I'm trying to adapt the Cartopy example plot for circular South Polar Stereographic plots to the North Pole and add data to it. I have a couple questions.
First, in the example code, the land feature is added before the ocean feature. When I did that, I got a map with only ocean. I reversed the order of the call in the code below and get a map with land and ocean. Why did the other order work with the South Polar example?
Second, and more importantly, I can't figure out why my pcolormesh call isn't having any effect.
I'm using Python 2.7.7, matplotlib 1.5.1, and Cartopy 0.15.1.
import matplotlib.path as mpath
import matplotlib.pyplot as plt
import numpy as np
import cartopy.crs as ccrs
import cartopy.feature
lats = np.linspace(60,90,30)
lons = np.linspace(0,360,200)
X,Y = np.meshgrid(lons,lats)
Z = np.random.normal(size = X.shape)
def main():
fig = plt.figure(figsize=[10, 5])
ax = plt.subplot(1, 1, 1, projection=ccrs.NorthPolarStereo())
fig.subplots_adjust(bottom=0.05, top=0.95,
left=0.04, right=0.95, wspace=0.02)
# Limit the map to -60 degrees latitude and below.

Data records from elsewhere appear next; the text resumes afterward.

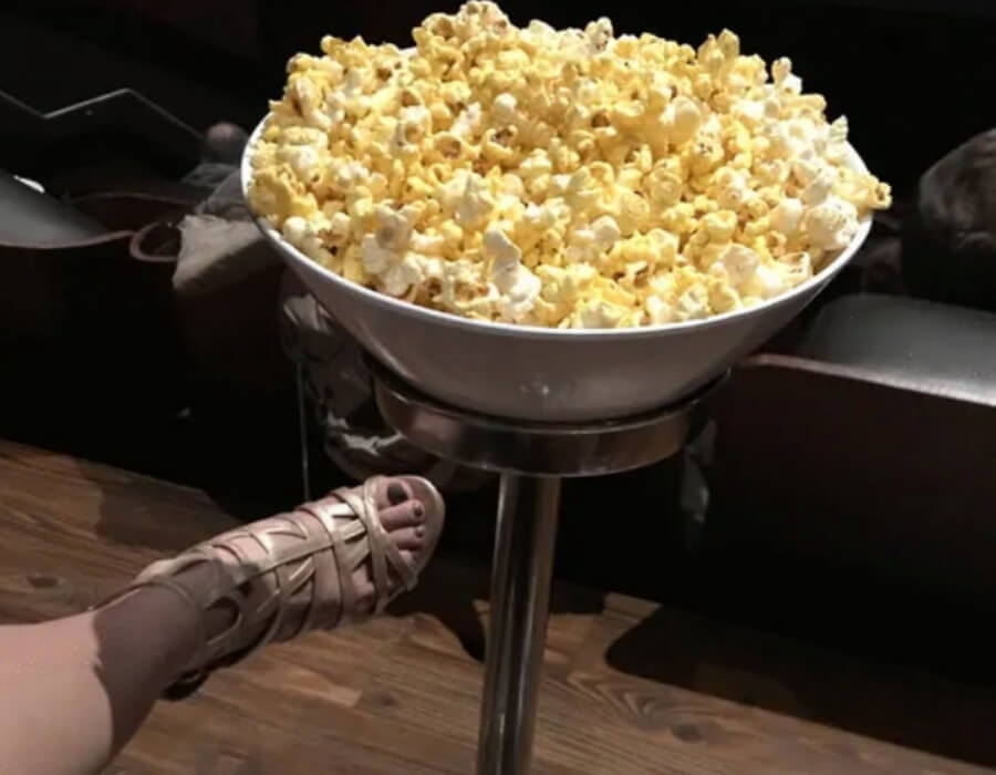 This is very important and we don’t want to bury the lede here. A good movie theater has A LOT of leg room. As you can see, this one does.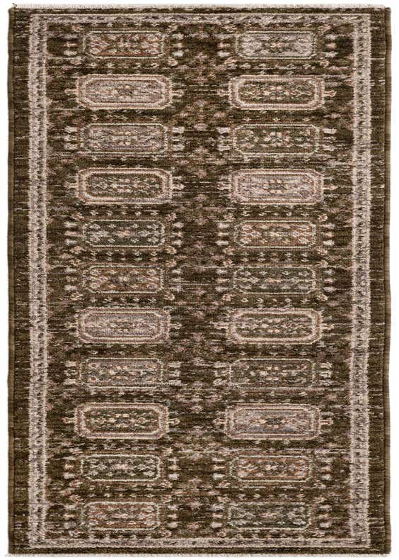 Primary color is Green. Colors in this rug include: Green, Beige, Brown, Gray, Ivory.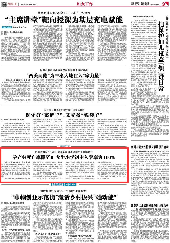 2025年11月18日《中國婦女報》第3版刊發(fā)了《內(nèi)蒙古通遼“十四五”時期婦幼健康保障水平大幅躍升 孕產(chǎn)婦死亡率降至0 女生小學初中入學率為100%》的文章,報道了近年來,通遼市婦幼健康保障水平大幅躍升,孕產(chǎn)婦死亡率降至0,嬰兒死亡率降至2.28‰。婦女“兩癌”篩查成效顯著,完成50萬人次免費篩查,1461名低收入患病婦女獲得全額救助。聯(lián)合醫(yī)療部門開展的講座和義診惠及10萬余名婦女群眾。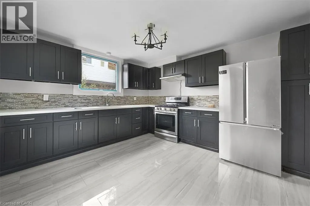 Go east Down Upper James Welcome to 687 Upper James Street - a beautifully updated home in a prime location close to shopping centers, public transit, highway access, and great schools. The bright upper level features 3 spacious bedrooms, a brand-new modern kitchen with quartz countertops and new appliances, and a fully renovated bathroom. The finished basement, with a separate entrance, offers 2 additional bedrooms, a full kitchen, and a 3-piece bathroom - perfect for extended family or potential rental income. Tenants currently renting the basement. Please allow 24 hours notice. (id:27476)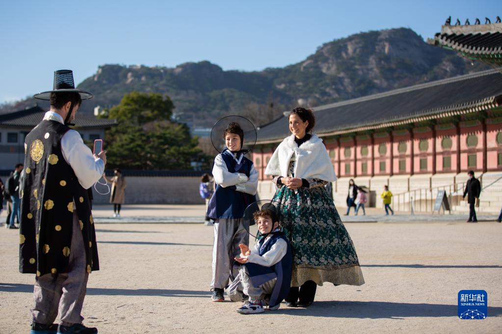 11月26日,人們在韓國首爾景福宮內游覽時(shí)拍照。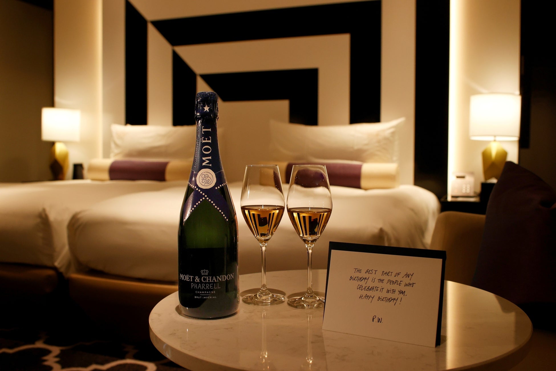 今回の宿泊パッケージでご用意するのは、ファレル ウィリアムス氏とモエ・エ・シャンドンのコラボレーションによってデザインされた限定ボトル「モエ アンペリアル ファレル ウィリアムス」。ファレル氏オリジナルのバースデーメッセージカードに、チェックインの際お撮りする記念写真を添えて、お部屋にお届けいたします。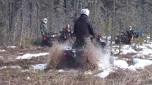 太玩命了 ATV雪后穿越森林中的泥泞路

ax.set_extent([-180, 180, 60, 60], ccrs.PlateCarree())
ax.gridlines()
ax.add_feature(cartopy.feature.OCEAN)
ax.add_feature(cartopy.feature.LAND)
# Compute a circle in axes coordinates, which we can use as a boundary
# for the map. We can pan/zoom as much as we like - the boundary will be
# permanently circular.
theta = np.linspace(0, 2*np.pi, 100)
center, radius = [0.5, 0.5], 0.5
verts = np.vstack([np.sin(theta), np.cos(theta)]).T
circle = mpath.Path(verts * radius + center)
ax.set_boundary(circle, transform=ax.transAxes)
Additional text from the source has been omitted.